TODAY'S
 
人との境界線

SNSで人との境界線がない世界を作ったように見えるが、もともとこの国には境界線が存在していないのではないか。


最近、SNSを見ていると、人々が個人の境界を越えて自由に繋がり合っている光景が日常の風景となっているように見える。

 

投稿の内容、感情、そして私たちの日常が、あたかも無限に繋がり、重なり合い、切り離すことができない一つの流れのように思えてくる。しかし、こうした世界が新しく創られたものだと考えるのは、少し違う。

実は、私たちの住むこの日本社会には最初から「境界線」など存在していなかったのだと気づくべきだろう。いや、むしろその境界線を無理やり引くことで、私たちはその存在を意識し、形作ってきたのだ。

例えば、仕事で出会った誰かがSNSで繋がり、急にプライベートな部分が見えてきたり、逆に自分が他人の生活の中に無意識に踏み込んでいるような気がする。

 

こうして、SNSというツールが普及する前から、私たちはすでに「見えない線」の上に生きていた。私たちが持つべき「プライバシー」や「個人の空間」といったものは、実は一部の幻想に過ぎなかったのだ。

例えば、昔から「赤の他人」と呼ばれるように、私たちは社会的な距離を意識して生きてきた。だが、それが果たして本当に“境界”だっただろうか。たとえ物理的に遠く離れていても、想念や感情の世界では、その境界はすでに曖昧だったのではないか。隣の部屋にいる誰かの声が聞こえたり、街を歩く誰かの表情に心が揺れる瞬間、私たちの内面で交わる何かが確かに存在していた。

SNSが生まれ、私たちが一瞬で相手と繋がれるようになったことで、もともと存在していなかった境界線を、あたかも新たに創り出したかのように感じているだけなのだ。

 

SNSの普及が、私たちに「プライバシーの侵害」や「自己表現の自由」といったテーマを突きつけたのは、実は私たちが最初からその“境界線”をあいまいにしていた証拠に他ならない。


SNSが生まれる以前から、私たちは常に他者と繋がっていたし、その繋がりがあったからこそ、今の私たちがいるのだ。

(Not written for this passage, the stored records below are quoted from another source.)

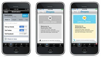 以Foursquare为例,商家可以通过Foursquare发布自己的促销活动信息,而且信息将根据用户的身份不同而有不同呈现效果,如果你已经是该地的市长,你会看到最右边彩图的内容,否则会看到中间的灰图。而如果是彩图的时候,你就可以直接凭彩色Offer享受店家的折扣优惠。
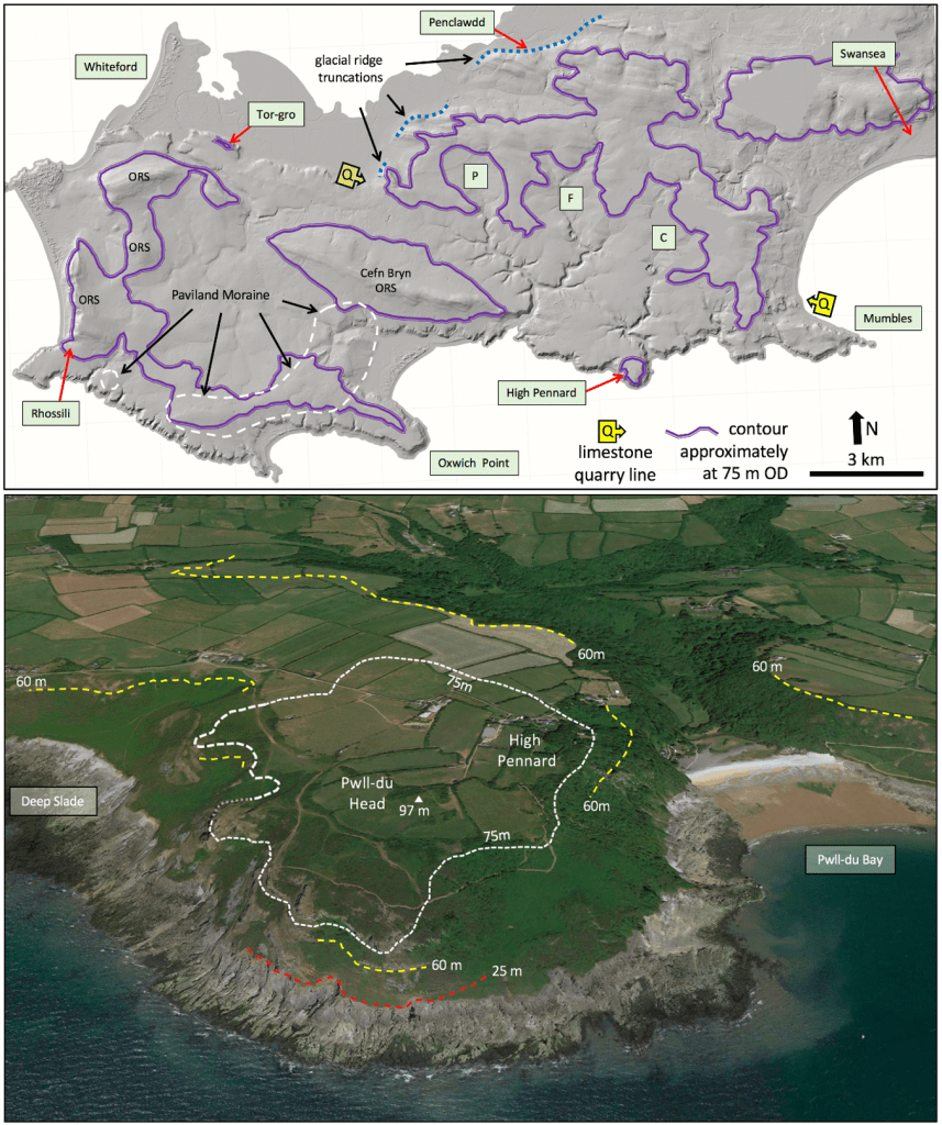 Figure 2. (Fig. 23 of Kokelaar 2021). (Top) Shaded-relief LiDAR image of peninsular Gower highlighting aspects of the topography. The purple contours at approximately 75 m OD indicate the higher parts of the surface that perhaps were beyond the reach of the sea (marine planation). One might imagine this as a short-lived archipelago of islands lacking cliffed shorelines. Cefn Bryn and the western summits of Old Red Sandstone (ORS) probably were prominent landscape features for considerable geological time. The ‘limestone quarry line’, Q-Q, indicates the string of numerous old and more recent quarries in the upper parts of the Carboniferous Limestone succession. The Late Pliocene marine planation surface is only well developed south and west of the quarry line, on the limestone. Limestone outcrops seemingly not reached by the sea include High Pennard, the ridge of Oxwich Point, Tor-gro and an area west of Mumbles. The Paviland Moraine (from Shakesby et al. 2018) formed some 23,000 years ago from the Devensian glaciation. (Base data © Natural Resources Wales). (Bottom) Oblique Google Earth view north over High Pennard and the seaward end of Bishopston Valley. Like the purple contour in the image above, the 75 m OD white contour distinguishes high ground that may have remained beyond the reach of waves during the Late Pliocene. The general marine planation level here is at about 60 m OD. Both Anglian and Devensian glacial ice crossed here. The enigmatic boulders discussed below occur on the west side (left) of Pwll-du Bay. Karst landscape and periglacial features following recession of the Anglian ice are implicated in explanations of the enigmatic boulders, below.
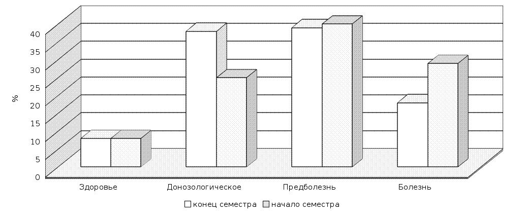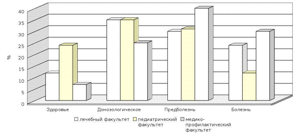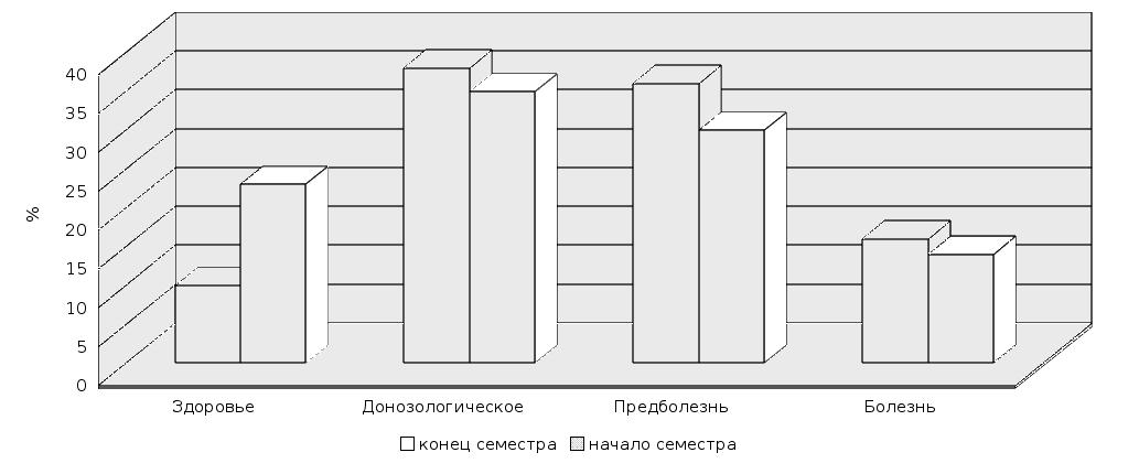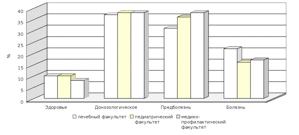 1. На лечебном факультете, как это видно из таблицы №2 и рисунка 1 в конце семестра подавляющее большинство студентов находилось в донозологическом состоянии – 37 %, в состоянии предболезни находился – 31 % студентов, в состоянии болезни – 22 %, здоровья – 10 %. В начале следующего семестра так же подавляющее большинство студентов было в донозологическом состоянии (35 %), предболезнь – 29 % , болезнь – 24 %, здоровье – 12 %. Таким образом видно, что в результате сдачи экзаменационной сессии, которая являлась своеобразным стрессом, увеличилось число студентов в состоянии болезни с 22 до 24 %. С другой же стороны длительный отдых в течение каникул способствовал улучшению адаптационного состояния студентов. Число студентов в состоянии здоровья возросло с 19 до 12 %, снизилось число студентов в состоянии предболезни с 31 до 29 % и в донозологическом состоянии: с 37 до 35 %. На педиатрическом факультете (таблица №3, рисунок 2) в конце семестра большинство студентов тоже были в донозологическом состоянии (38 %), предболезнь – 36 %, болезнь – 16 %, здоровье – 10 %. В начале следующего семестра отмечалось снижение числа студентов по всем состояниям здоровья: донозологическое – 35 %, предболезнь – 30 %, болезнь – 13 %, - за исключением состояния здоровья. Процент студентов, находящихся в этом состоянии возрос с 10 до 23 %. На медико-профилактическом факультете (таблица №4, рисунок 3) в конце семестра преобладающее количество студентов находилось в состоянии предболезни – 39 %, болезни – 17 %, донозологическом – 38 %, здоровья – 7 %. К началу следующего семестра увеличилось число студентов в состоянии предболезни с 39 до 40 % и болезни с 17 до 29 %. В донозологическом состоянии находилось 25 % студентов, а в состоянии здоровья – 7 %.

そして、境界線がないことこそが、逆に私たちの自由そのものであることを、今の時代において再び思い出すべきだ。

私たちは一つの大きな流れの中で共鳴し合っている。

そして、この世界で「境界線」という言葉が指すものは、

ただの幻想に過ぎなかったということを、節々で感じる。

 

境界線のない世界に、境界線のないものを持ち込むことで

更にそれはエスカレートし、じわじわと入り込んでくるのだ。

 

まるで、知らない間に、すっと入り込む風のように。